LinuxQuestions.org

LinuxQuestions.org (/questions/)
-   Linux - Software (http://www.linuxquestions.org/questions/linux-software-2/)
-   -   editing a very large HTML file (or, extracting URLs from a file) (http://www.linuxquestions.org/questions/linux-software-2/editing-a-very-large-html-file-or-extracting-urls-from-a-file-602728/)

Chriswaterguy 11-27-2007 08:11 AM

editing a very large HTML file (or, extracting URLs from a file)
 
I've worked out the answer, but since I'd already written out this question, I'll post it anyway, in case someone finds it useful.

---
PROBLEM:
I have a file, made up of concatenated HTML files.
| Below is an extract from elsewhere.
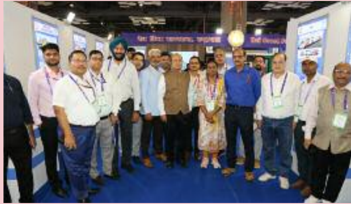
ਵਚਨਬੱਧਤਾ ਨੂੰ ਦਰਸਾਉਂਦੇ ਤਕਨੀਕੀ ਨਵੀਨਤਾਵਾਂ ਨੂੰ ਹਨ। ਇਸ ਤੋਂ ਇਲਾਵਾ, ਦਰਸਾਉਂਦੇ ਵਰਕਿੰਗ ਮਾਡਲ ਵੀ ਡਿੱਬਿਆਂ ਵਿੱਚ ਕੀਤੀਆਂ ਸਟਾਲ ਵਿੱਚ ਪ੍ਰਦਰਸ਼ਿਤ ਕੀਤੇ ਨਵੀਆਂ ਸੁਵਿਧਾਵਾਂ ਅਤੇ ਗਏ। ਬਹੁਤ ਸਾਰੇ ਵਿਸ਼ੇਸ਼

ਇਸ ਪ੍ਰਦਰਸ਼ਨੀ ਦਾ ਸਭ ਤੋਂ ਵੱਡਾ ਆਕਰਸ਼ਣ ਪ੍ਰਸਿੱਧ ਵੰਦੇ ਭਾਰਤ ਐਕਸਪ੍ਰੈੱਸ ਦਾ ਸਕੇਲ ਮਾਡਲ ਸੀ, ਜਿਸ ਨੇ ਆਪਣੀ ਆਕਰਸ਼ਕ ਡਿਜ਼ਾਈਨ ਅਤੇ ਅਧੁਨਿਕ ਤਕਨੀਕ ਨਾਲ ਲੋਕਾਂ ਦਾ ਧਿਆਨ ਖਿੱਚ ਲਿਆ। ਵੰਦੇ ਭਾਰਤ ਦੇ ਨਾਲ-ਨਾਲ, ਆਰ.ਸੀ.ਐਫ. ਨੇ ਹੋਰ ਕਈ ਅਧੁਨਿਕ ਰੇਲ ਡਿੱਬਿਆਂ ਦੇ ਮਾਡਲ ਵੀ ਪ੍ਰਦਰਸ਼ਿਤ ਕੀਤੇ, ਜੋ ਨਵੀਂ ਸੋਚ, ਯਾਤਰੀ ਸੁਵਿਧਾ ਅਤੇ ਸੁਰੱਖਿਆ ਪ੍ਰਤੀ ਉਸ ਦੀ

I was going to open it and do some sorting, and search and replace work. (The aim is to make a tab-delimited file of urls for a Google custom search).

But now it won't open in gedit - too big at 600kb, I guess. And if I try to open it in OpenOffice, it opens it as HTML, in a semi-WYSIWYG mode rather than as source, in spite of the .txt suffix.

I can view the source by opening it in Firefox, but when I copy and paste, only part of the file is pasted (but how much depends which program I'm copying to).

Can I set OpenOffice to open it as text? Or is there another WYSIWYG program that will let me edit a large file like this? (I'd rather not learn to use a terminal based editors to do one simple task).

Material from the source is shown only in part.